INFORMATION SUPPLIED:
[Start of section]
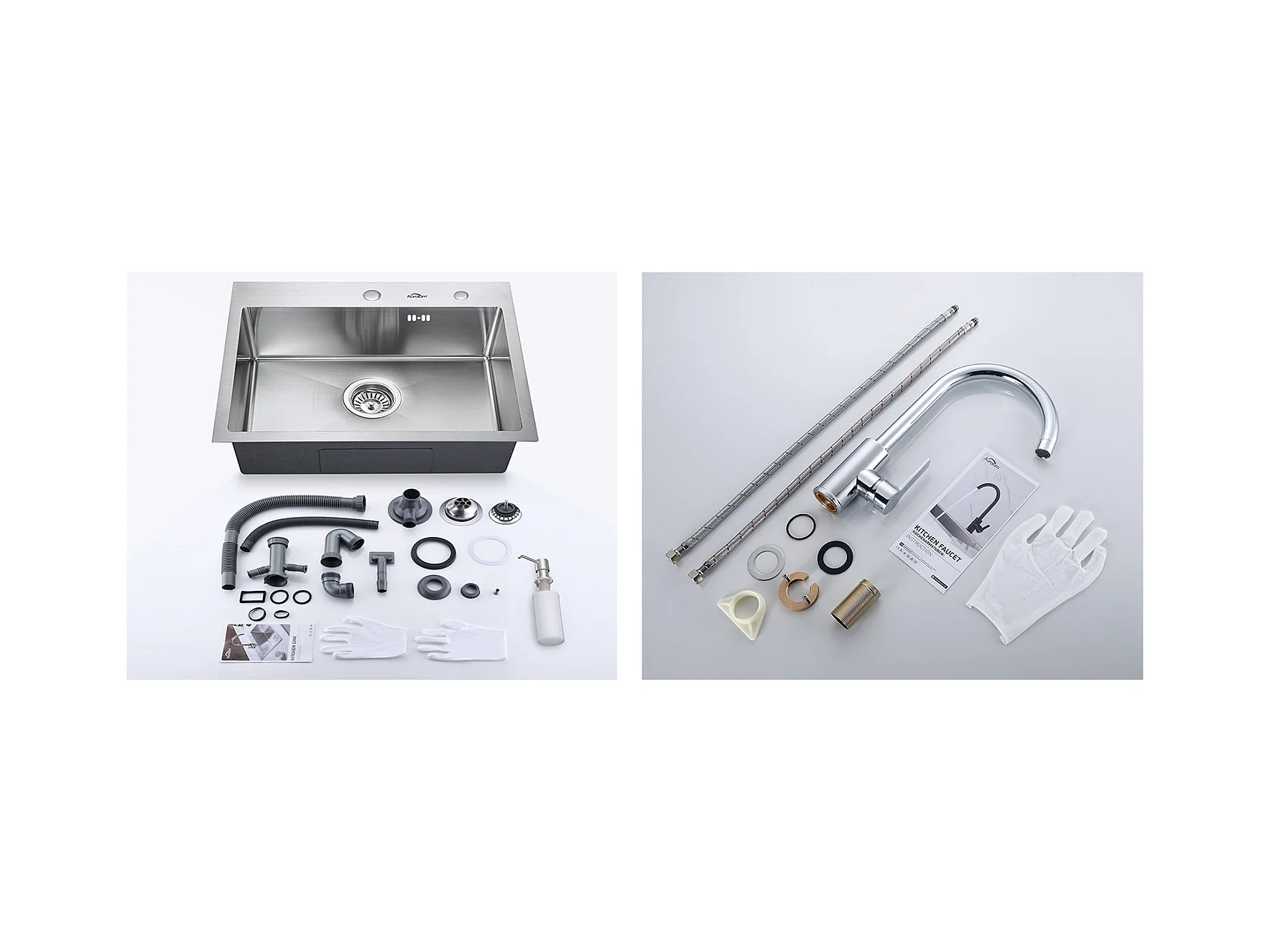 Fregadero Cocina 1 Bandeja 55*45CM Fregadero Empotrado/de Poner con Dispensador de Jabón+RobinY Cocina giratoria de 360°, cromado
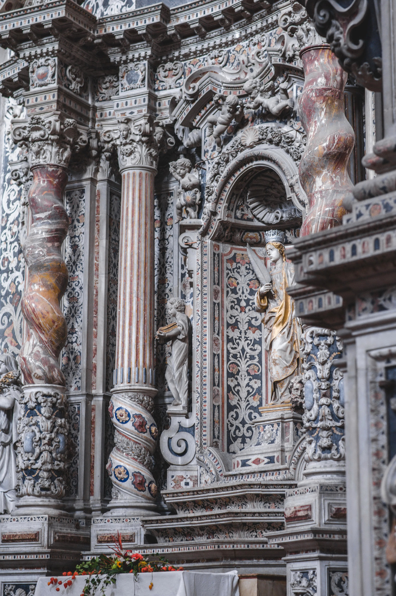 Здесь спрятан младенец, о котором говорят даже те, кто никогда не ступал в храм. Его создал мастер Чираро в XVII веке — тонкая работа, почти слишком живая.
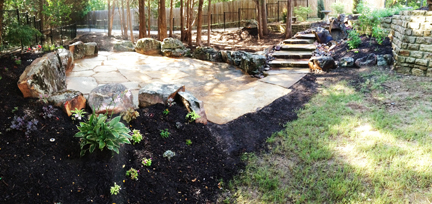 Below are examples of dry stacker rock, a mix of dry stack rock and moss boulders, paver stone patios, and huge paver steps and walkways, accented with flower beds:
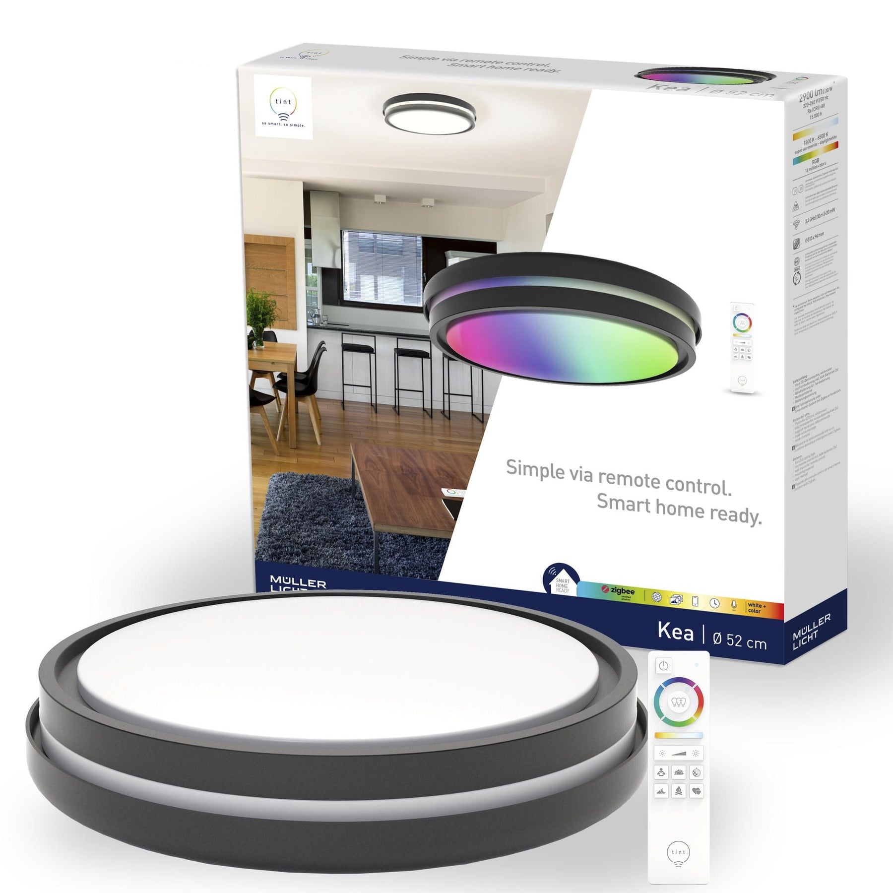 - Smarte tint LED-Deckenleuchte Kea white+color von MÜLLER-LICHT, Durchmesser 52 cm: Weißtöne von superwarmweißem Licht (1800 K) bis hin zu aktivierendem Tageslicht (6500 K) sowie farbiges Licht RGB (bis zu 16 Mio. Farben)
[End of section]
ACTIVITY: Everything in the listing must be restated word for word, except for the pictures.

OUTPUT:
 Fregadero Cocina 1 Bandeja 55*45CM Fregadero Empotrado/de Poner con Dispensador de Jabón+RobinY Cocina giratoria de 360°, cromado
 Здесь спрятан младенец, о котором говорят даже те, кто никогда не ступал в храм. Его создал мастер Чираро в XVII веке — тонкая работа, почти слишком живая.
 Below are examples of dry stacker rock, a mix of dry stack rock and moss boulders, paver stone patios, and huge paver steps and walkways, accented with flower beds:
 - Smarte tint LED-Deckenleuchte Kea white+color von MÜLLER-LICHT, Durchmesser 52 cm: Weißtöne von superwarmweißem Licht (1800 K) bis hin zu aktivierendem Tageslicht (6500 K) sowie farbiges Licht RGB (bis zu 16 Mio. Farben)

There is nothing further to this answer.